2025 Poster Presentations
P425: LEVERAGING MACHINE LEARNING FOR INTUITIVE 3D VISUALIZATION IN SKULLBASE NEUROSURGERY TRAINING
Kiefer J Forseth, MD, PhD1; Michael G Brandel, MD1; Plonsker H Jillian, MD2; Jeffrey A Steinberg, MD1; Michael Levy1; Alexander A Khalessi, MD, MBA1; 1University of California San Diego; 2Lurie Children's Hospital of Chicago
Skullbase neurosurgery requires a trainee to develop an intimate familiarity with 3-dimensional anatomy of the target region as well as the approach corridor. This begins with careful study of 2-dimensional representations including stylized drawings, exemplar dissections, and intraoperative videos. The transition from 2 to 3-dimensional understanding of this anatomy is challenging, often accomplished through painstaking cadaveric practice.

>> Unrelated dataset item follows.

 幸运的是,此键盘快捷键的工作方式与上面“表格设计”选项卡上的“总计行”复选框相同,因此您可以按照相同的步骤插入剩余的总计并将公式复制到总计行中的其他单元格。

Our objective was to translate the 2-dimensional teaching manuals of skullbase neurosurgery to an intuitive 3-dimesional format that directly mimics the surgeon’s vantage and mobility.
We adapted recent advances in machine learning to accomplish this aim. Visual information from a cadaveric dissection scene was collected with a variety of cameras – iPhone, GoPro, endoscope, or microscope. Approximately 200 pictures were sufficient to generate 4K-quality models. The images were spatially registered with structure-from-motion, estimating camera pose & intrinsic parameters. These features served as inputs for 3D gaussian splatting (3DGS) which enables novel-view synthesis by optimizing volumetric representation using gaussian primitives defined by position, opacity, and anisotropic covariance. All models were trained and rendered with a NVIDIA RTX 4070.

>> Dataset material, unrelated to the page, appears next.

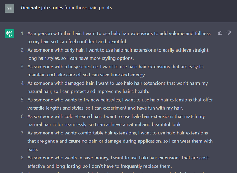 ChatGPT can create short job stories out of the pain points it has generated. In our tests, the AI had little trouble coming up with the kind of users that could have encountered a pain point and describing the reason why it is important for them.

With cadaveric specimens, we completed 10 classic neurosurgical approaches and captured models at 3 points in each dissection: pre-incision, dural exposure, and final intracranial view. The real-time rasterization of 3DGS enabled direct rendering of these models in Virtual Reality with a Meta Quest 3 headset. The trainee could thus move freely around the dissection table and directly manipulate the field with hand controllers. The casual capture and low computational costs allowed trainees to archive their own dissections for later review. This also facilitated faculty review of trainee’s dissections in detail without being physically present in the lab.
We endeavor to accelerate and enrich the training of neurosurgical residents in complex neuroanatomy by leveraging recent advances in computer vision, creating an interactive 3D manual of skullbase dissection.